23:50 – Explains Direct Server Return (DSR). When responses are returned from HHVM, it is sent to the L7LB, which cuts the L4LB out of the loop and sends the request directly back to the user. This works through a process called IP in IP encapsulation, where L4LBs wrap an IP packet around the request as it is hashed to the L7LB. The L7LB decapsulates the packet, sees the original request, processes it, and sends it back to the user.
27:51 – Discusses Edge PoPs, with an example of sending information between South Korea and Oregon. Because of the multiple round trips required for each request, the total time for each communication is 600 ms. However, adding a PoP in Japan decreased the total time to 240 ms.
29:59 – Facebook deploys Edge PoPs around the world to improve global user experience. Load balancing in each PoP works exactly as in the data centers, but with no HHVM servers. Instead, all TCPs are terminated at the PoPs and sent back to data centers to process.

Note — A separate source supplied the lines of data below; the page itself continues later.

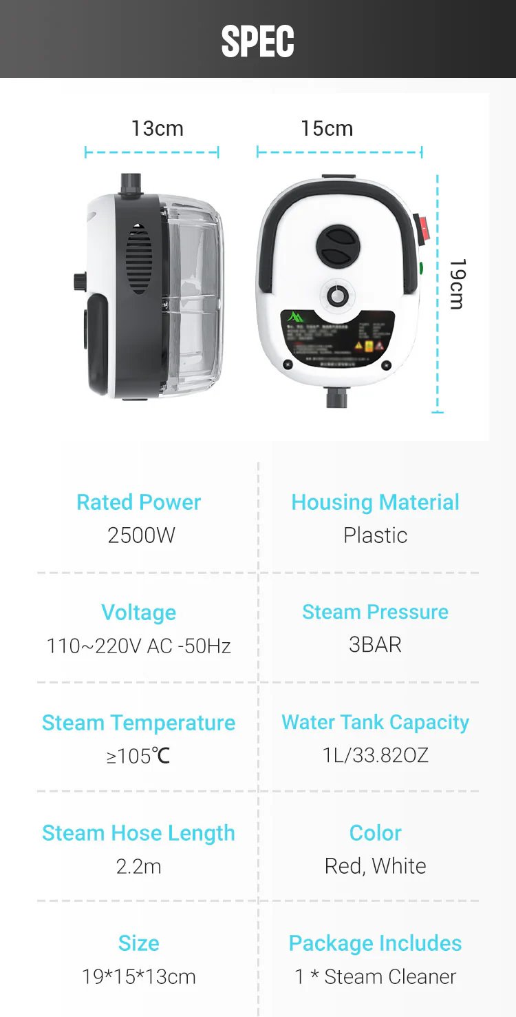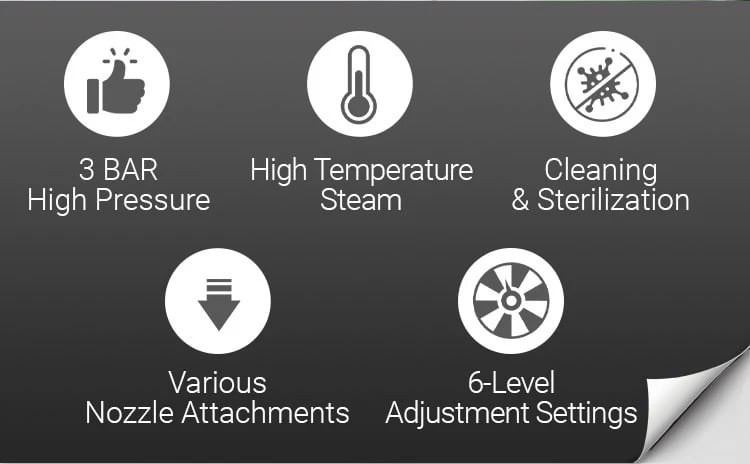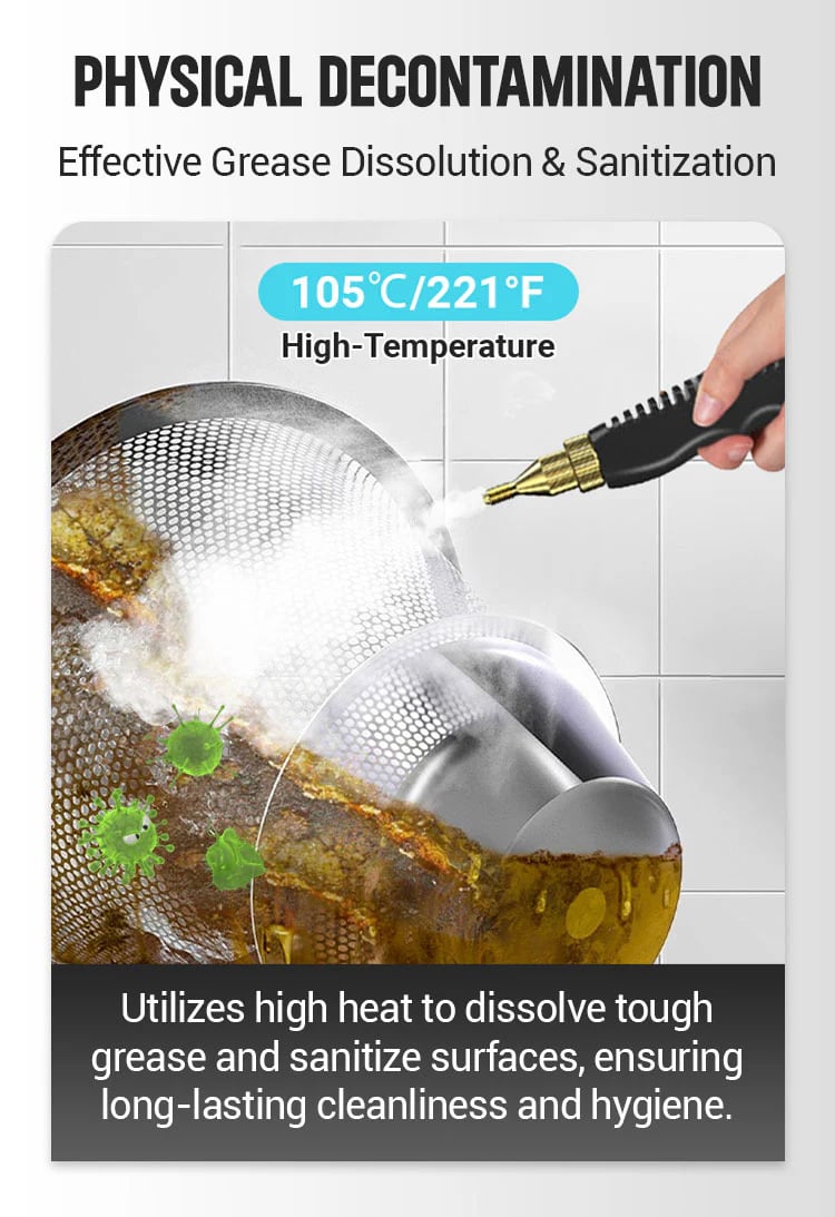 🫧High Pressure Cleaning: Up to 3.5Bar/50 PSI, steam cleaner effectively removes deep grime, ensuring thorough cleanliness beyond just surface dirt.
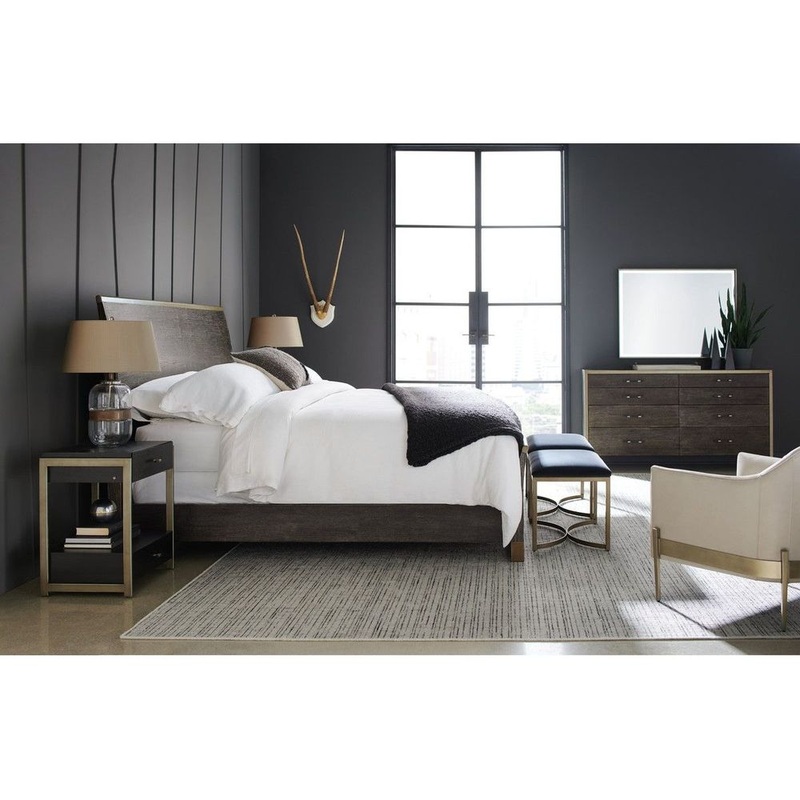 Classic meets charismatic in this modern barrel chair. Expertly upholstered in a supple taupe leather, its traditional form has been updated for today’s interiors. Generously scaled, it features a stunning touch of Smoked Stainless that outlines its base and thin, modern tapered legs. This luminous metal band and intriguing mix of materials are a whimsical play on a classic cask design. Place this modern marvel anywhere you want a bit of WOW or put two together by the fireplace for a modern conversation area.
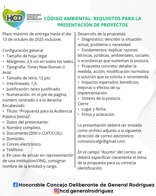 Se ha establecido un plazo para que los ciudadanos sigan enviando sus sugerencias. Los interesados pueden presentar sus propuestas hasta el lunes 13 de octubre a las 23:59 hs a través del correo electrónico [email protected].
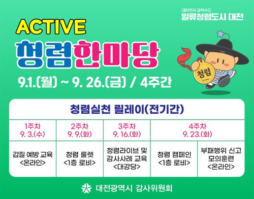 [아이뉴스24 강일 기자] 대전시는 다가오는 추석 명절을 맞아 9월 1일부터 26일까지 한 달간 전 직원을 대상으로 ‘ACTIVE 청렴한마당’을 진행한다. 청렴한마당은 전 공직자에게 청렴 의식을 전파하고, 조직 내 반부패·청렴 문화를 확산하기 위해 추진됐다.
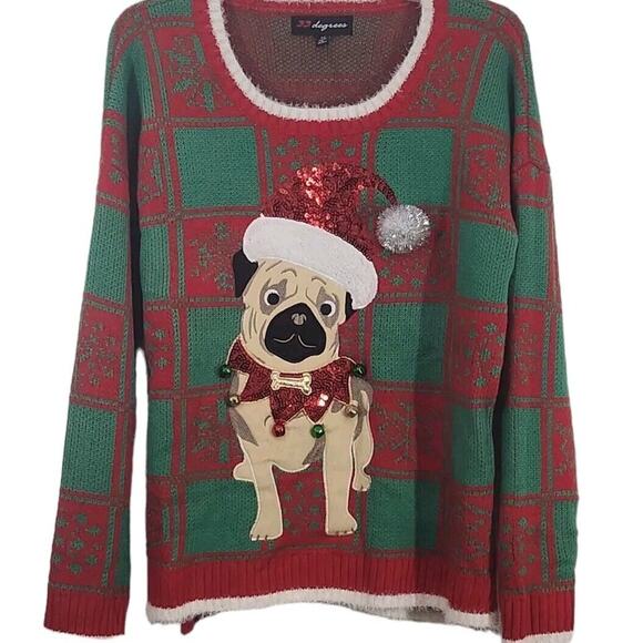 ADORABLE PUG UGLY CHRISTMAS SWEATER WOMEN XL DOG LOVER DUTCH BULLDOG
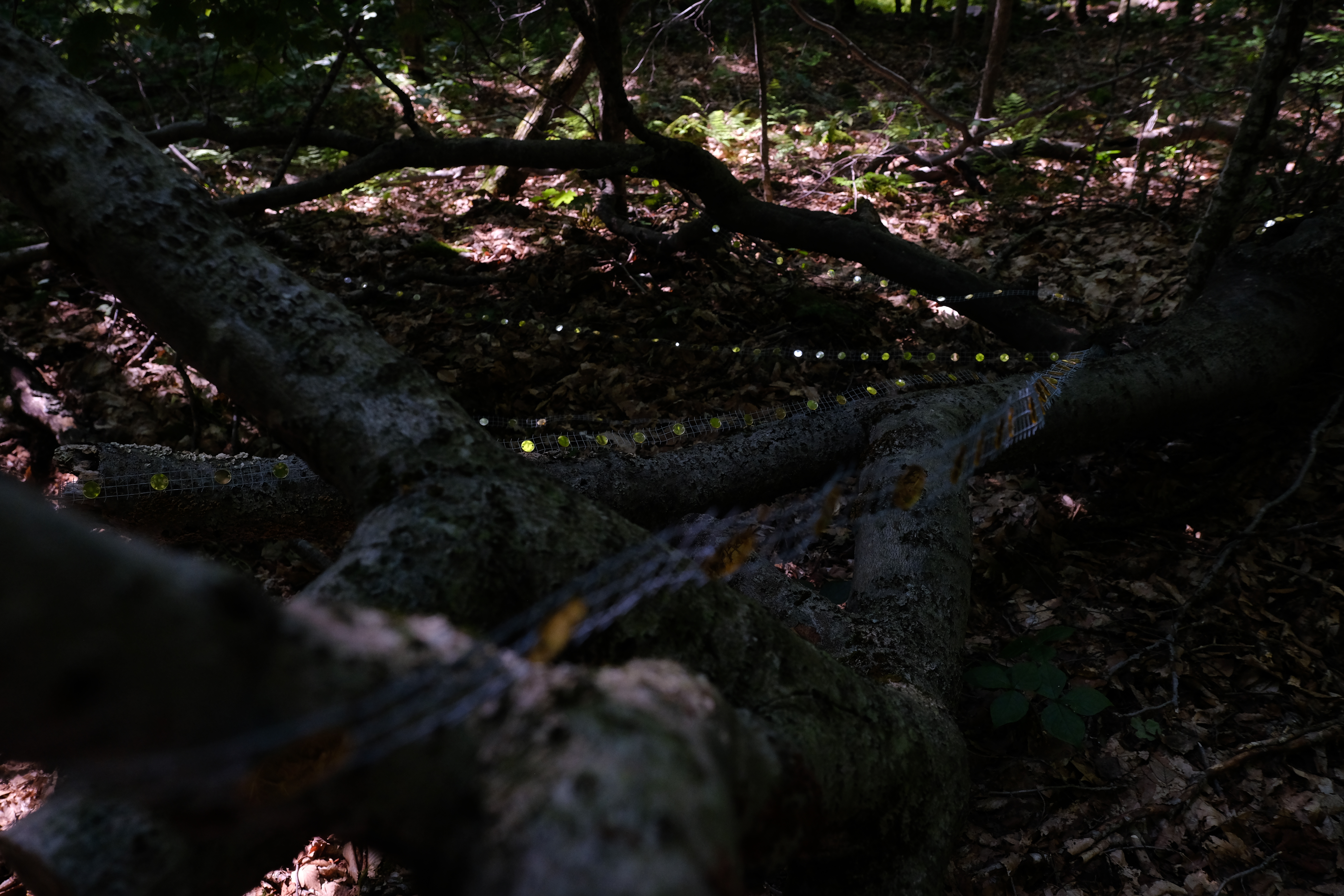 I created three installations on the trails. Each reflect qualities and patterns that were necessary for me to study in this time of transformation. I was wrestling with my constricting unconscious beliefs of architecture, nature, gender, race, and ornament within me and around me. I observed how these beliefs inhibit creativity to move through me and utilized art making to unravel the rigid mind.
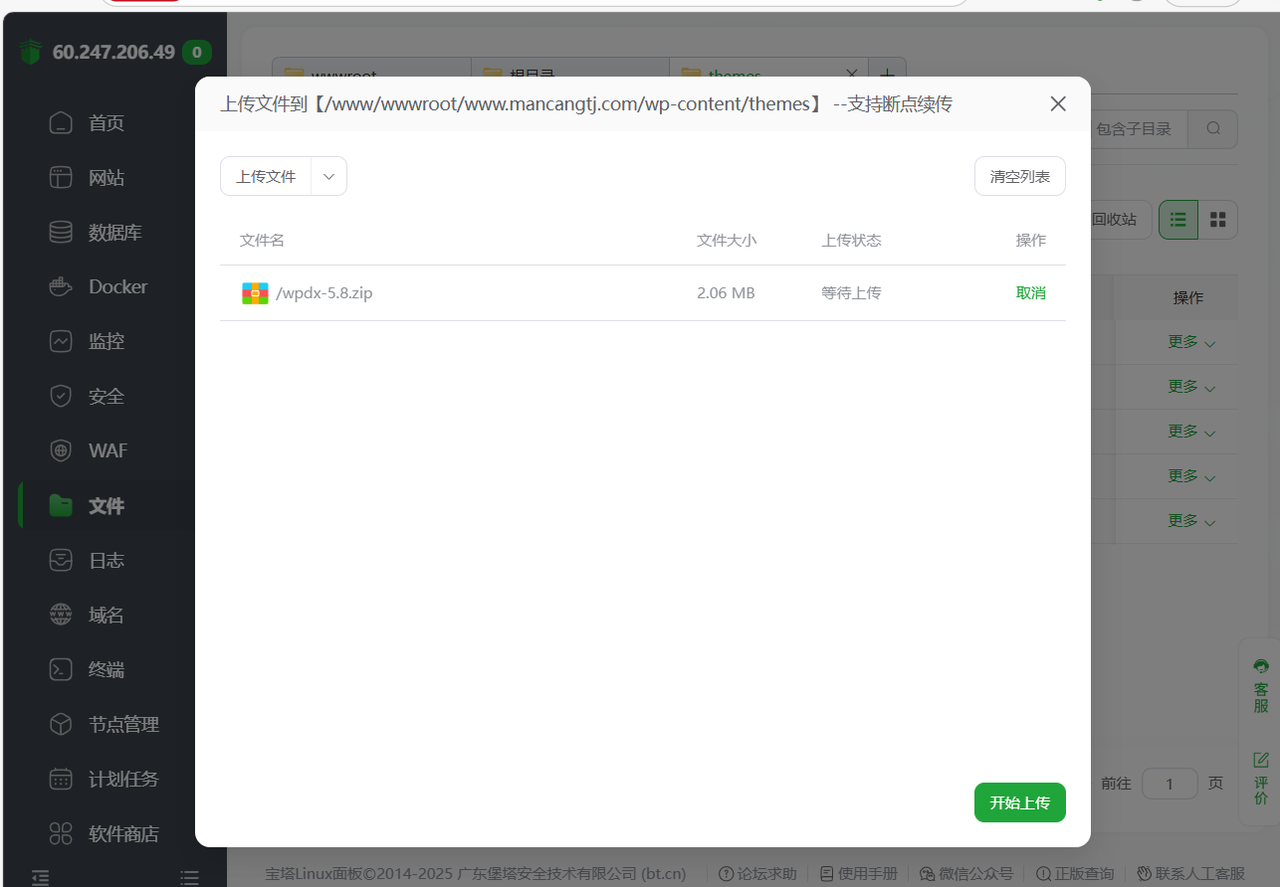 把下载的的文件上传到宝塔网站根目录---找到“wp-content”文件---上传主题---解压---完成
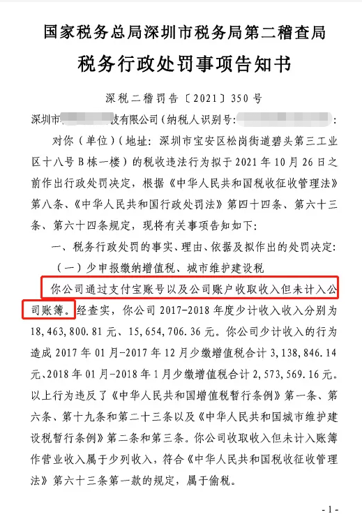 深圳某科技公司,通過支付寶賬號以及公司賬號收取收入,導(dǎo)致少計(jì)收入3411.85萬元,造成少繳增值稅571.24萬元以及城市維護(hù)建設(shè)稅。此外,稅務(wù)局通過核定征收的方式,查明該公司少繳企業(yè)所得稅37.43萬元。最終,上述公司被處百分之五十的罰款,共計(jì)3243277.46元。

32:00 – Considerations for where to send requests include information such as the closest edge to a user, the capacity of the servers, the health of the servers, and the user’s geodata.
34:35 – Cartographer is the system that takes this information and makes real-time decisions on where to allocate requests. It creates a map of the world that is frequently updated with information on anomalies and capacity restraints.